The balance between his manipulation to close a deal and his assistant, a seminary dropout and "cradle Catholic," plumbs the depths of profiteering in the Lord's name. But, it fairly presents this in the quest of two mismatched men, who must make a living, reconcile their needs with the message of their Maker, and sleep well at night. The story again ambitiously tackles this theme perhaps at a length slightly too condensed or too limited for such a deserving topic, but it also shows that this material needed release into the novel that Powers, assembling out of other stories in the later 50s, was already working towards.

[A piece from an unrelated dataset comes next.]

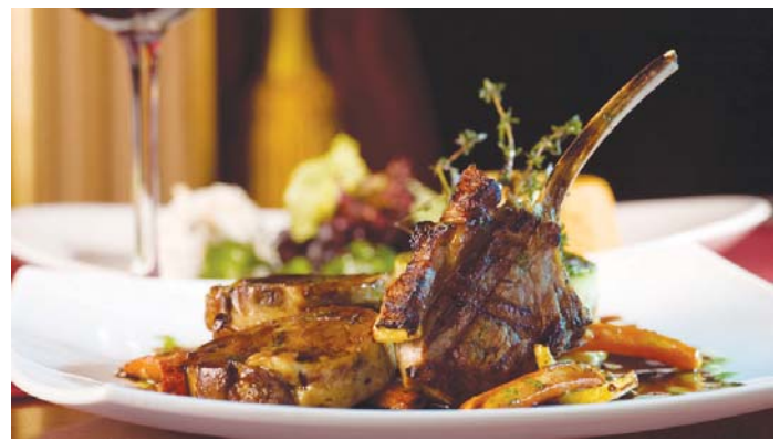
Eating out is a pleasurable experience in the West Highlands

3 COURSE SPECIAL FOR £12 AVAILABLE LUNCH AND EARLY EVENING

Finally, the title story returns to Father Fabre and his attempt to match the needs of home visits to his parishioners with the perceived if unintentional-- by his presence at the house to which he was invited for a meal-- of "blessing" an unmarried, late middle-aged, ambiguously paired couple who may or may not be technically sinning under the same roof. The title tilts neatly towards, again reminding me of Flannery O'Connor's predilection, a symbolic or anagogical interpretation, but this firm nudge from Powers aside, it again challenges the needs for tolerance against the demands of propriety within the Catholic parish community that still in mid-century America could exert such conformity upon its congregants. And in such decisions, balancing mercy against justice, expulsion with acceptance, Powers finds his milieu and his style fully emerge and flow into nine stories.

P.S. Powers lived 1917-99. His stories are issued as one volume from New York Review Press, as well as reprints of his two novels, the other being "Wheat That Springeth Green," (1988).